Just as you say, a config file is a stack of magic constants. They have no meaning at all sitting in that file. The place to look for their meaning is the documentation of the code that loads the file, which should tell the user everything they need to know about modifying or providing their own file.


IF you have a 500k LOC software project... how the heck is an SRE/devops person going to figure out where in that code a specific configuration item is going to be used? They're not. This is why documentation is essential for projects. You could keep configuration documentation in a separate file... but that only helps for what the config does. It can't help you figure out why Bill (who left the company a while back) set ThreadMax to 650 when he changed the code 6 months ago. There cold be a commit message that references it, but that's more disconnected from the change that just slapping a comment on top that says why.

I agree that code review for configuration changes is necessary. That same code review process can ensure that the comments in the config file are also correct.


> It can't help you figure out why Bill (who left the company a while back) set ThreadMax to 650 when he changed the code 6 months ago. There cold be a commit message that references it, but that's more disconnected from the change that just slapping a comment on top that says why.

Also worth noting is that not all config files are committed to version control as-is. If a deployment process bakes the config file from variables, it can be even more disconnected and difficult to find the change.


The size of the project is a red herring in your comment. People document command line options, ENV settings, etc., in huge projects all the time. It has absolutely no bearing on whether comments belong inside of config files.


> Config files being modified by anyone should be going through code review.

Yeah, I'll put in a PR for my local Transmission config file and see how far that gets me ;)

Config files should be understandable and readable by the end users so they can customize their local installs.

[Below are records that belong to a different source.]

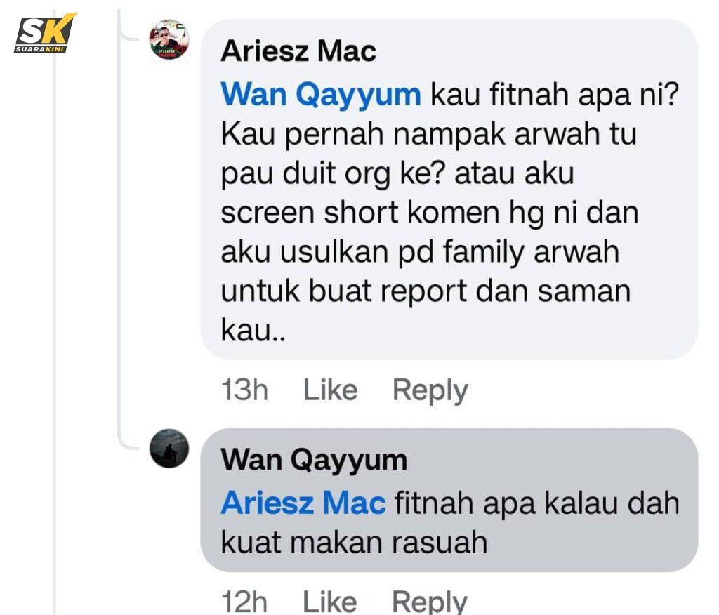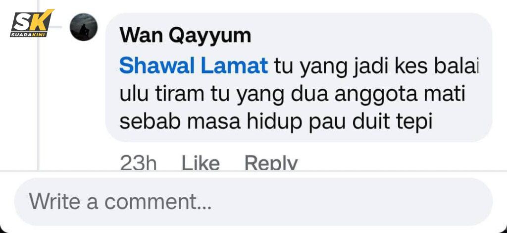 Menerusi komen di ruangan Facebook yang tular, pengguna dengan nama Wan Qayyum menulis “tu yang jadi kes balai ulu tiram tu yang dua anggota mati sebab masa hidup pau duit tepi” dan “fitnah apa kalau dah kuat makan rasuah”.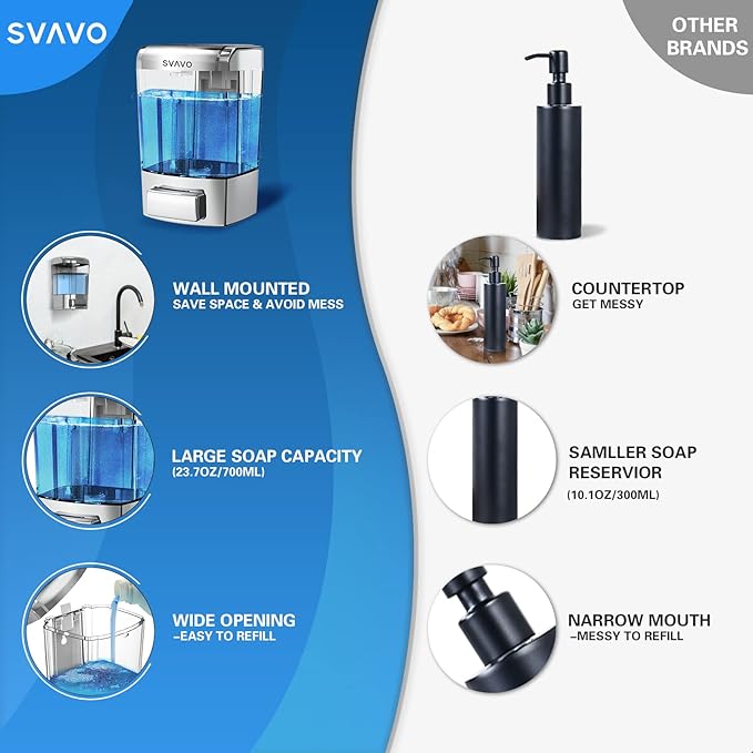 - πβ [QUALITY MANUAL SOAP DISPENSER] SVAVO's liquid soap dispenser is made of durable ABS, resistant to chemicals and impact, sturdy and durable, does not rust, providing long-lasting strength with simple and precise push button dispensing.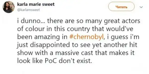 "Посмотрела два эпизода "Чернобыля", очень хорошо! Только есть одна мысль... я понимаю, что все персонажи в реальной жизни были белыми, но они также говорили с украинским акцентом. А здесь актеры с акцентами со всей Великобритании. Так если они не следуют достоверности в этом, почему не ввести в сериал темнокожих людей?" - пишет Карла.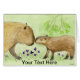 A tiny painting of a Capybara mother with her baby nuzzling noses.
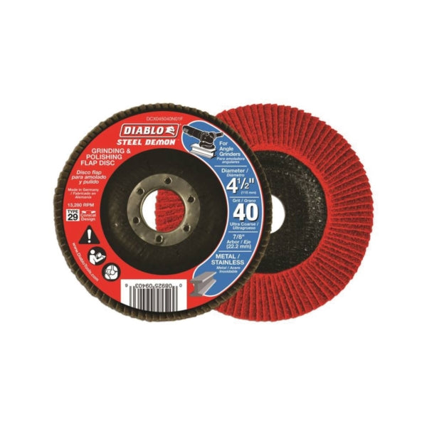 Diablo Steel Demon™ flap discs feature a premium zirconium grain blend for up to 10X faster material removal when compared to standard grinding wheels. The flap discs' special flap design offers flexibility and provides for a cushioned grinding effect. Diablo high-performance flap discs combine two steps in one by simultaneously grinding and polishing.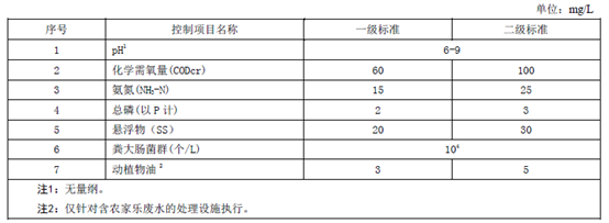 2015年7月,浙江《農(nóng)村生活污水處理設施水污染物排放標準》發(fā)布實施,規(guī)定農(nóng)村生活污水排放必須達到規(guī)定的排放標準。《標準》確定了pH值、化學需氧量、氨氮、總磷、懸浮物、糞大腸菌群、動植物油等7項主要控制指標及限值,詳情如下:

This is silly. If an app like Transmission expects end users to modify a config file locally as the means to add customized settings, that’s a seriously bad design. Why not provide documentation about command-line arguments or ENV variables it would look for for end user customizeability. A settings file where you need to know the meaning as you read the file is among the worst ways to solve it.


>They belong in the sections of code that load specific config files and convert their contents into defaults or parameters.

And what are users who don't have access to the source, or who aren't programmers, supposed to do?


Somehow these people are reading Toml files of config? That’s silly.


Do you expect a systems administrator to be familiar with the source of every software he maintains?


No, I expect the system administrator to refer to a readme, user guide or API doc that explains how to inject custom options at the command line or through a web API, etc., and absolutely never by mutating a config file outside of version control with code review from the team that maintains that specific type of config.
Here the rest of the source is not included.